> Input data
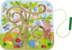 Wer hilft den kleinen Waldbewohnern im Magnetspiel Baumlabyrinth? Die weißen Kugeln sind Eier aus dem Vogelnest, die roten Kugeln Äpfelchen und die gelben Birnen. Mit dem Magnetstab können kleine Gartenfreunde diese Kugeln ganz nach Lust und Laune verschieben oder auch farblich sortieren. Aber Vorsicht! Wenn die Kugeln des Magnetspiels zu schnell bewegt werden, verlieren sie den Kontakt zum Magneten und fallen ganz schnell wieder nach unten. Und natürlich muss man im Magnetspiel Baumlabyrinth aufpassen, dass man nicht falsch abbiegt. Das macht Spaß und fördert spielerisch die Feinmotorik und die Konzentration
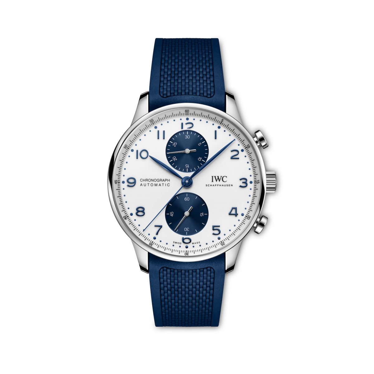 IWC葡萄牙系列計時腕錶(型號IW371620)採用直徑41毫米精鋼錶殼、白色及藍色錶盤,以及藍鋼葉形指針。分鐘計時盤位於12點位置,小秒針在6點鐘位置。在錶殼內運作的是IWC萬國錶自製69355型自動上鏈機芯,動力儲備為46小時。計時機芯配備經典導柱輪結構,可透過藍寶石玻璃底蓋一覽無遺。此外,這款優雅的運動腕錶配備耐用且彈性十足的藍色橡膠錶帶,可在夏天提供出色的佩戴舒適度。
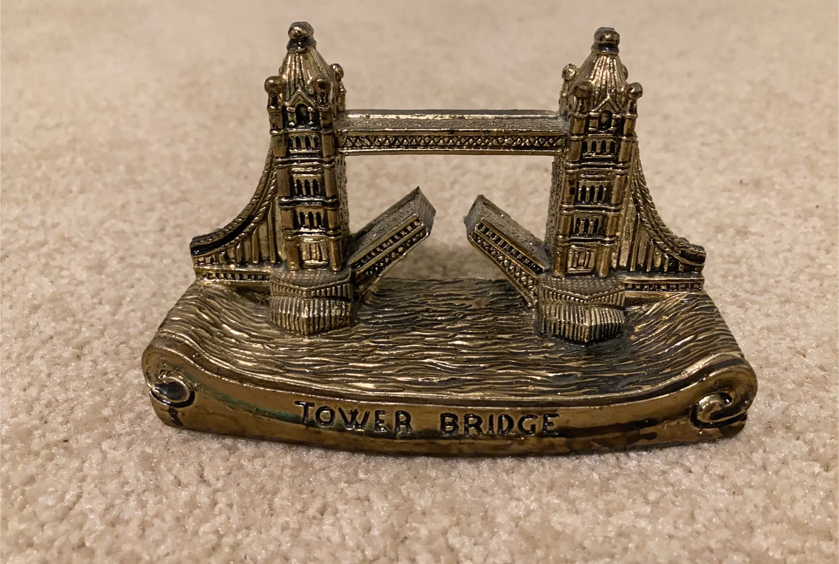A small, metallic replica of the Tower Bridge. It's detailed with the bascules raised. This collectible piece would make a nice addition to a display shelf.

> Work instruction
From the line containing "IWC葡萄牙系列計時腕錶(型" to the last line of the material, every line is to be reproduced exactly. No picture belongs in the copy.

> Response
 IWC葡萄牙系列計時腕錶(型號IW371620)採用直徑41毫米精鋼錶殼、白色及藍色錶盤,以及藍鋼葉形指針。分鐘計時盤位於12點位置,小秒針在6點鐘位置。在錶殼內運作的是IWC萬國錶自製69355型自動上鏈機芯,動力儲備為46小時。計時機芯配備經典導柱輪結構,可透過藍寶石玻璃底蓋一覽無遺。此外,這款優雅的運動腕錶配備耐用且彈性十足的藍色橡膠錶帶,可在夏天提供出色的佩戴舒適度。
A small, metallic replica of the Tower Bridge. It's detailed with the bascules raised. This collectible piece would make a nice addition to a display shelf.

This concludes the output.